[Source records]
====
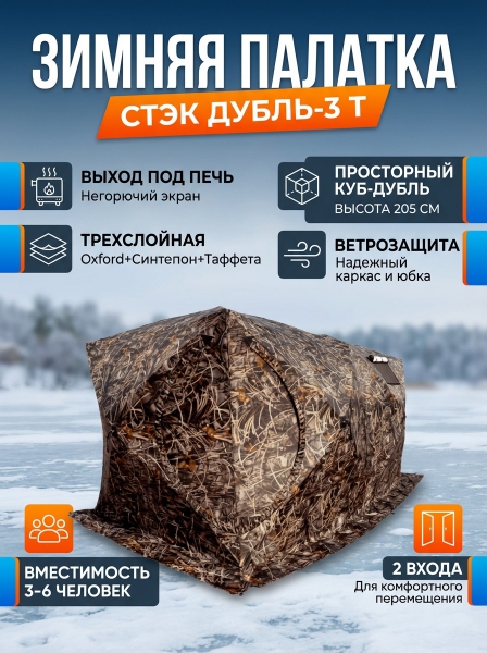 Палатка СТЭК ДУБЛЬ-3 Т (трехслойная) камыш - ДоставкаДоставка по Санкт-Петербургу: бесплатно, 2-3 дня Доставка по России: стоимость уточняйте у оператора. Палатка СТЭК ДУБЛЬ-3 Т (трехслойная) камыш - Отзывы0.0
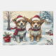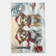 Little Dogs in Preppy Winter Attire and Hat Winter Tea Towel
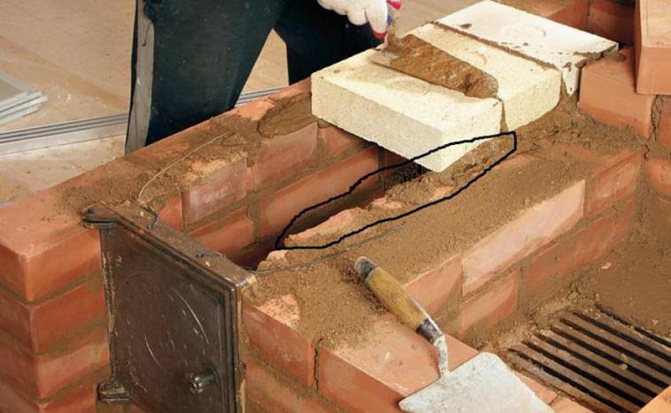- Des rangées du septième au neuvième - ce sera la maçonnerie du compartiment du four - des briques en argile réfractaire sont utilisées ici. Un espace doit être laissé entre elle et la brique rouge pour éviter la dilatation thermique. L'espace n'est pas rempli de solution. Cette étape est également utilisée pour monter la porte du foyer.
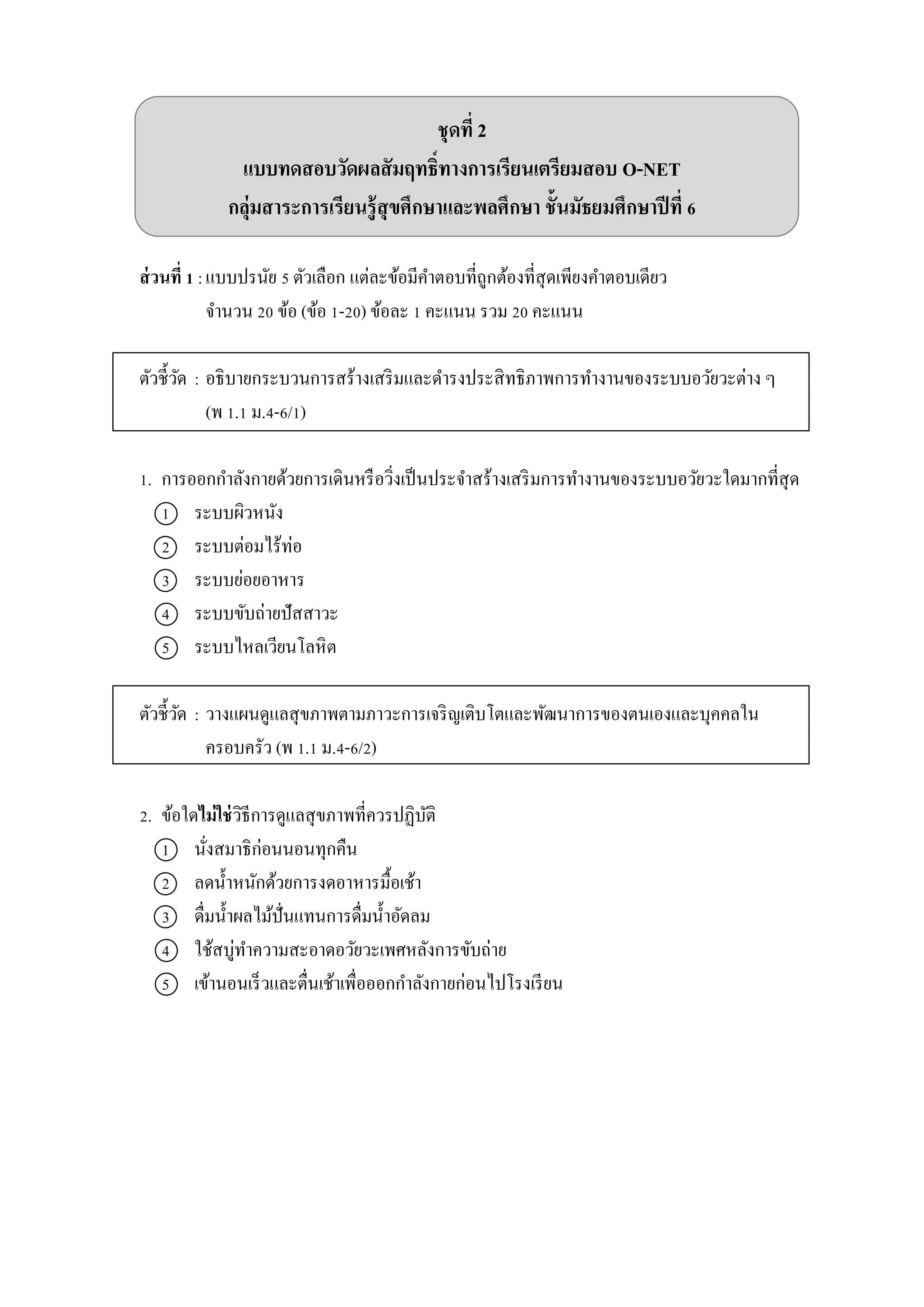 ชั้นมัธยมศึกษาปีที่ 6 ส่วนที่ 1 :แบบปรนัย 5 ตัวเลือก แต่ละข้อมีคำตอบที่ถูกต้องที่สุดเพียงคำตอบเดียว จำนวน 20 ข้อ (ข้อ 1-20) ข้อละ 1 คะแนน รวม 20 คะแนน ตัวชี้วัด : อธิบำยกระบวนกำรสร้ำงเสริมและดำรงประสิทธิภำพกำรทำงำนของระบบอวัยวะต่ำง ๆ (พ 1.1 ม.4-6/1) 1. กำรออกกำลังกำยด้วยกำรเดินหรือวิ่งเป็นประจำสร้ำงเสริมกำรทำงำนของระบบอวัยวะใดมำกที่สุด 1 ระบบผิวหนัง 2 ระบบต่อมไร้ท่อ 3 ระบบย่อยอำหำร 4 ระบบขับถ่ำยปัสสำวะ 5 ระบบไหลเวียนโลหิต ตัวชี้วัด : วำงแผนดูแลสุขภำพตำมภำวะกำรเจริญเติบโตและพัฒนำกำรของตนเองและบุคคลใน ครอบครัว (พ 1.1 ม.4-6/2) 2. ข้อใดไม่ใช่วิธีกำรดูแลสุขภำพที่ควรปฏิบัติ 1 นั่งสมำธิก่อนนอนทุกคืน 2 ลดน้ำหนักด้วยกำรงดอำหำรมื้อเช้ำ 3 ดื่มน้ำผลไม้ปั่นแทนกำรดื่มน้ำอัดลม 4 ใช้สบู่ทำควำมสะอำดอวัยวะเพศหลังกำรขับถ่ำย 5 เข้ำนอนเร็วและตื่นเช้ำเพื่อออกกำลังกำยก่อนไปโรงเรียน
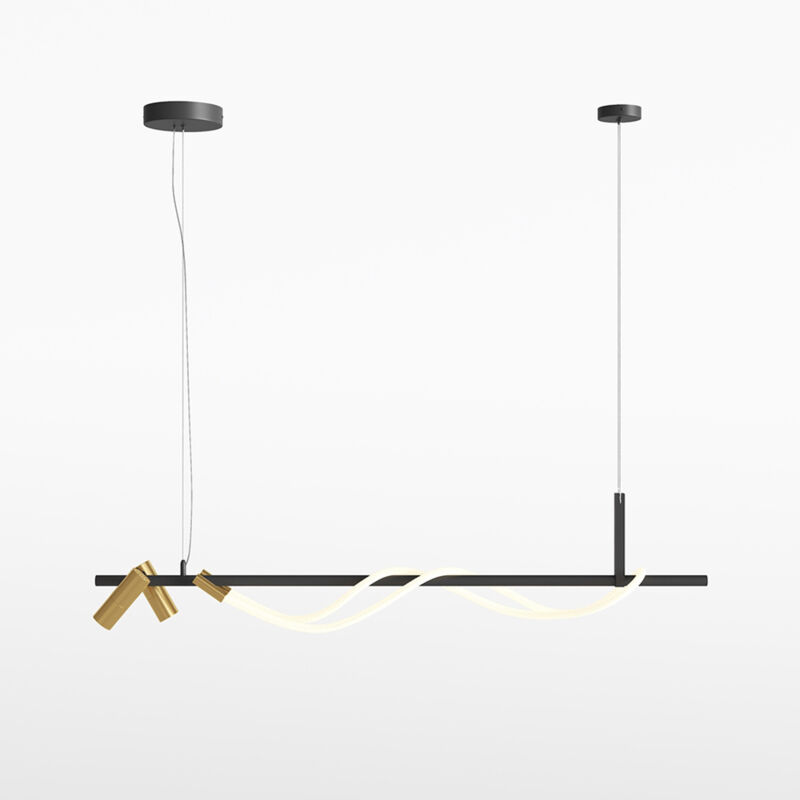 Collezione Tau DISTRIBUISCI LA LUCE NEL TUO AMBIENTE Lampadario a Sospensione Moderno Tau luce Led 30W armatura in Alluminio Nero Oro 3000 K IP20 L.18 x W.180 x H.150 cm. Corpo in alluminio. Sfumature: oro, combinazione di oro e nero. Diffusore di due tipi: tubo in silicone e laccio super resistente super resistente (non ingiallisce nel tempo, ha un'elevata resistenza). Luce morbida e uniforme grazie all'alta densità dei LED. Temperatura di colore 3000K. Sorgente luminosa a LED.
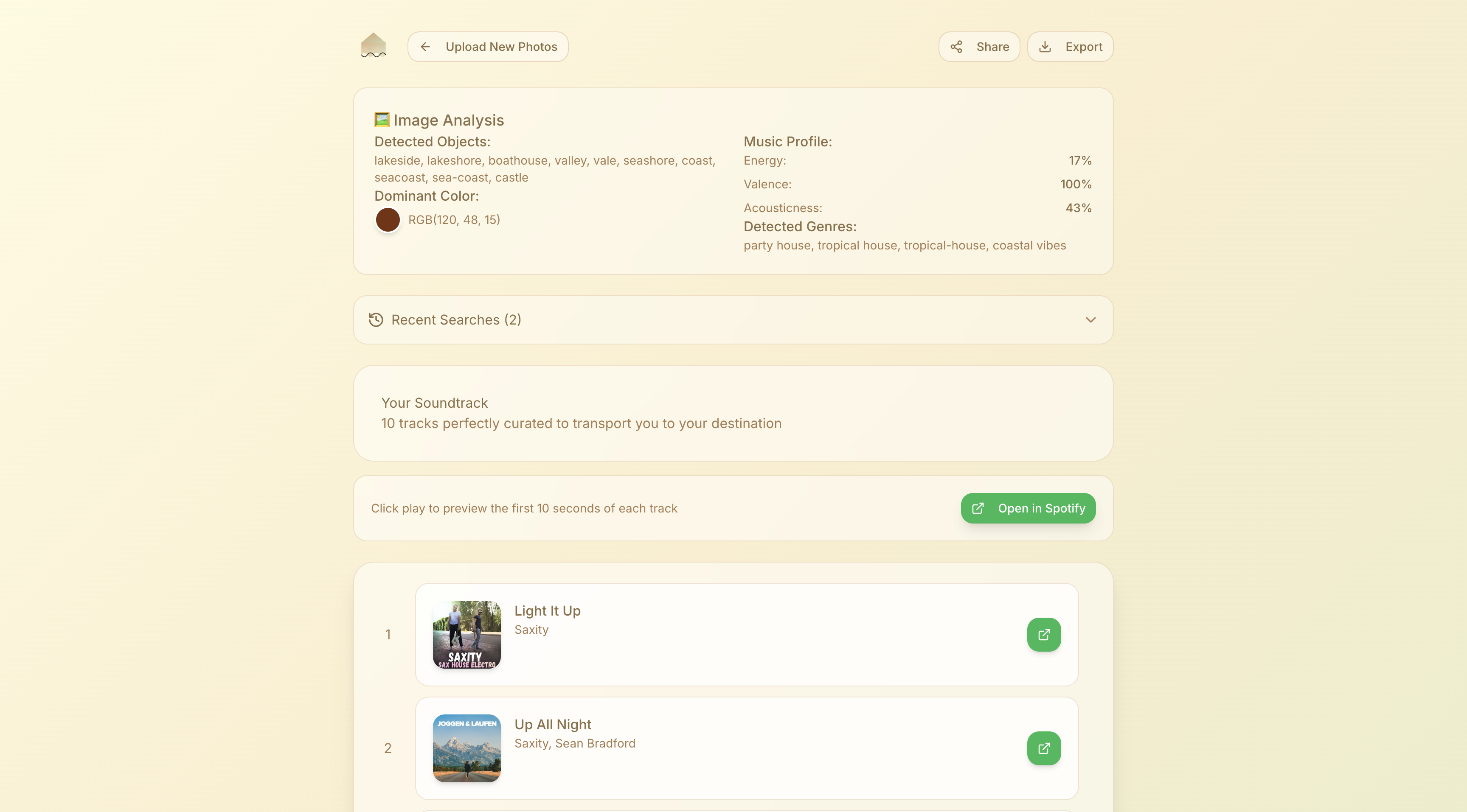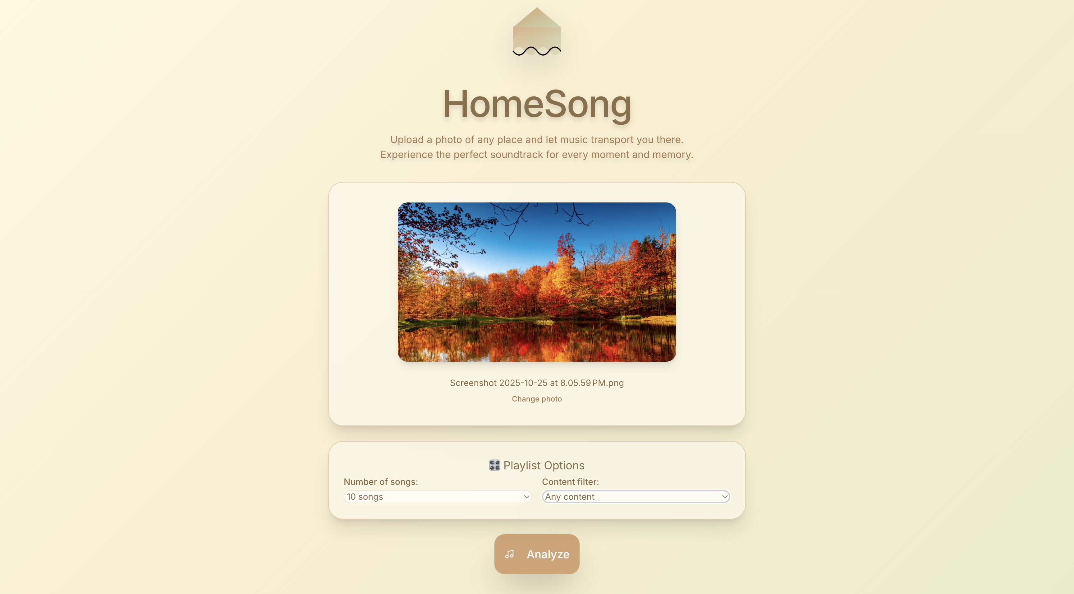 Being college students, we frequently find ourselves being homesick. One of the most effective ways to cope with this feeling is to scroll through your camera roll, each one transporting you back to that exact spot and giving you the same exact feelings. We wanted to enhance this experience by transferring it to music, essentially transporting you back to a place you cherish through sound. Our hack, HomeSong analyzes the nostalgic photos from your camera and generates personalized spotify song recommendations to transfer to your playlists. HomeSong selects based on a specific criteria based on the mood, colors, and environment depicted in the photos. Our process essentially works like this, the user uploads a photo, AI analyzes the key features, and finally you receive song recommendations out of 100k+ streamable songs, making any place feel like back home.
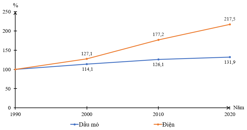 Điện tăng nhanh hơn dầu mỏ và tăng thêm 117,5%.
====
» **WHAT YOU HAVE TO DO**
Copy every record exactly as written, leaving out the pictures.

» **RESPONSE TO THIS EXERCISE**
 Палатка СТЭК ДУБЛЬ-3 Т (трехслойная) камыш - ДоставкаДоставка по Санкт-Петербургу: бесплатно, 2-3 дня Доставка по России: стоимость уточняйте у оператора. Палатка СТЭК ДУБЛЬ-3 Т (трехслойная) камыш - Отзывы0.0
 Little Dogs in Preppy Winter Attire and Hat Winter Tea Towel
- Des rangées du septième au neuvième - ce sera la maçonnerie du compartiment du four - des briques en argile réfractaire sont utilisées ici. Un espace doit être laissé entre elle et la brique rouge pour éviter la dilatation thermique. L'espace n'est pas rempli de solution. Cette étape est également utilisée pour monter la porte du foyer.
 ชั้นมัธยมศึกษาปีที่ 6 ส่วนที่ 1 :แบบปรนัย 5 ตัวเลือก แต่ละข้อมีคำตอบที่ถูกต้องที่สุดเพียงคำตอบเดียว จำนวน 20 ข้อ (ข้อ 1-20) ข้อละ 1 คะแนน รวม 20 คะแนน ตัวชี้วัด : อธิบำยกระบวนกำรสร้ำงเสริมและดำรงประสิทธิภำพกำรทำงำนของระบบอวัยวะต่ำง ๆ (พ 1.1 ม.4-6/1) 1. กำรออกกำลังกำยด้วยกำรเดินหรือวิ่งเป็นประจำสร้ำงเสริมกำรทำงำนของระบบอวัยวะใดมำกที่สุด 1 ระบบผิวหนัง 2 ระบบต่อมไร้ท่อ 3 ระบบย่อยอำหำร 4 ระบบขับถ่ำยปัสสำวะ 5 ระบบไหลเวียนโลหิต ตัวชี้วัด : วำงแผนดูแลสุขภำพตำมภำวะกำรเจริญเติบโตและพัฒนำกำรของตนเองและบุคคลใน ครอบครัว (พ 1.1 ม.4-6/2) 2. ข้อใดไม่ใช่วิธีกำรดูแลสุขภำพที่ควรปฏิบัติ 1 นั่งสมำธิก่อนนอนทุกคืน 2 ลดน้ำหนักด้วยกำรงดอำหำรมื้อเช้ำ 3 ดื่มน้ำผลไม้ปั่นแทนกำรดื่มน้ำอัดลม 4 ใช้สบู่ทำควำมสะอำดอวัยวะเพศหลังกำรขับถ่ำย 5 เข้ำนอนเร็วและตื่นเช้ำเพื่อออกกำลังกำยก่อนไปโรงเรียน
 Collezione Tau DISTRIBUISCI LA LUCE NEL TUO AMBIENTE Lampadario a Sospensione Moderno Tau luce Led 30W armatura in Alluminio Nero Oro 3000 K IP20 L.18 x W.180 x H.150 cm. Corpo in alluminio. Sfumature: oro, combinazione di oro e nero. Diffusore di due tipi: tubo in silicone e laccio super resistente super resistente (non ingiallisce nel tempo, ha un'elevata resistenza). Luce morbida e uniforme grazie all'alta densità dei LED. Temperatura di colore 3000K. Sorgente luminosa a LED.
 Being college students, we frequently find ourselves being homesick. One of the most effective ways to cope with this feeling is to scroll through your camera roll, each one transporting you back to that exact spot and giving you the same exact feelings. We wanted to enhance this experience by transferring it to music, essentially transporting you back to a place you cherish through sound. Our hack, HomeSong analyzes the nostalgic photos from your camera and generates personalized spotify song recommendations to transfer to your playlists. HomeSong selects based on a specific criteria based on the mood, colors, and environment depicted in the photos. Our process essentially works like this, the user uploads a photo, AI analyzes the key features, and finally you receive song recommendations out of 100k+ streamable songs, making any place feel like back home.
 Điện tăng nhanh hơn dầu mỏ và tăng thêm 117,5%.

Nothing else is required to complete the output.